3. Aujourd’hui, des attaques sans merci contre les conditions de vie de la classe ouvrière se préparent, à l’instar de ce qui se fait dans les autres pays d’Europe. Les mesures prises dans des pays comme la Hollande, la France, l’Italie ou l’Espagne donnent le cadre général et annoncent les mesures supplémentaires qui seront prises en Belgique. Les attaques prendront une double forme :
a. des mesures d’attaques globales contre l’ensemble de la classe ouvrière, en dessus des mesures déjà prises dans le cadre du plan "pluriannuel" 2010-2015 de Van Rompuy, justifiées à partir de la défense de l’Europe et de l’euro contre la crise mondiale (cf. les différentes mesures proposées par le formateur E. Di Rupo):
- réduction budgétaires dans les soins de santé, menaçant la qualité des soins aux patients;
- réduction et même suppression des allocations pour les chômeurs de longue durée, y compris chefs de famille et sans cohabitant + sanctions renforcées contre les chômeurs, suppression de l’allocation d’attente pour les jeunes;
- limitation du droit au crédit d’heures et à la pause carrière;
- suppression de la prise en compte des périodes de chômage, de retraite anticipée et de crédit d’heures pour la retraite;
- la limitation de l’accès à la retraite anticipée, sans même attendre l’évaluation des résultats du Pacte des générations par les partenaires sociaux;
- la limitation du départ à la retraite à 60 ans;
-une attaque contre les retraites des fonctionnaires.?
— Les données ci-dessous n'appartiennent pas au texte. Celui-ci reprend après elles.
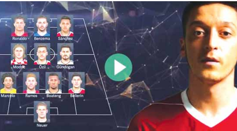
မေလဲ့သင်း ရေးသားသည်။

ဂန်၊ တိုက်စစ်မှာတော့ ရီးယဲလ်အသင်းဖော်တွေဖြစ်ခဲ့ဖူးတဲ့ စီရိုနယ်လ်ဒိုနဲ့ ဘင်ဇီမာ၊ အာဆင်နယ်ရဲ့ ဆန်းချက်ရဲ့ဖြစ်ပါတယ်။ ဒါ့ကြောင့် အိုဇေးလ်ရဲ့ အနှစ်သက်ဆုံးကစားဖော်စာရင်းကို ပြန်လည်ဆန်းစစ်ကြည့်ရင် အာဆင်နယ်ကစားဖော်နှစ်ဦး၊ ဂျာမနီအသင်းဖော်သုံးဦးနဲ့ ရီးယဲလ်မက်ဒရစ်ကစားသမား ငါးဦးတို့ဖြစ်ကြပါတယ်။ အိုဇေးလ်က ဒီကစားသမားတွေဟာ ဘာလို့ သူ့ရဲ့ အကြိုက်ဆုံးအသင်းဖော်အဖြစ် ရွေးချယ်ခံခဲ့ရတာလဲဆိုတဲ့ အကြောင်းကို ရှင်းလင်းခဲ့ရမှာ ဘယ်လာရင်လို အင်မတန်လျင်မြန်လွန်းတဲ့တောင်ပံခံစစ်မျိုးမျိုး တစ်ခါမှ မမြင်တွေ့ခဲ့မိဘူးလို့ ချီးကျူးစကားဆိုခဲ့ပါတယ်။

L’accroissement de la pression sur les banques (cfr Dexia) et sur la dette de l’Etat imposera des mesures supplémentaires (impôts nouveaux et/ ou restrictions budgétaires plus drastiques) pour renflouer les banques ou pour supporter le coût de la dette.
b. l’exacerbation de la concurrence entre les régions, au nom d’une régionalisation plus poussée.
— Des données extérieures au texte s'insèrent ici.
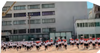
袋町小学校体育祭 (10/28)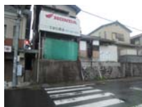
0183_錦織遺跡第8地点・西北角

Cette dernière dynamique mènera à l’exploitation des tensions communautaires sur le plan économique à travers l’organisation d’une concurrence interne entre régions: fiscalité différenciée entre régions pour "attirer les entreprises", financement des régions partiellement lié à l’atteinte de critères de rentabilité et d’efficacité (exemple le budget pour les allocations chômage sera lié à l’efficacité de la politique de "mise au travail" des chômeurs). La concurrence et la course à la performance entre les régions impliqueront une pression accrue sur les conditions de vie et de travail de la classe ouvrière.
4. Pour la classe ouvrière en Belgique, la situation ces dernières années a été difficile et cela va encore rester difficile pendant une certaine période: les campagnes et les divisions qu’on fait avaler restent intenses. La classe ouvrière ne sera pas seulement confrontée à une perduration des campagnes de division mais aussi dans un premier temps, par la mise en place du nouveau gouvernement, à son propre soulagement du fait que les affaires au niveau de la gestion de l’Etat belge sont enfin réglées.
Toutefois, les éléments avancés dans cet article démontrent bien que le décalage avec la situation sociale dans les autres pays d’Europe est plus une question de perception et de prise de conscience qu’une réalité objective: la réalité économique et sociale en Belgique est complètement similaire à celles de pays comme la France ou les Pays-Bas.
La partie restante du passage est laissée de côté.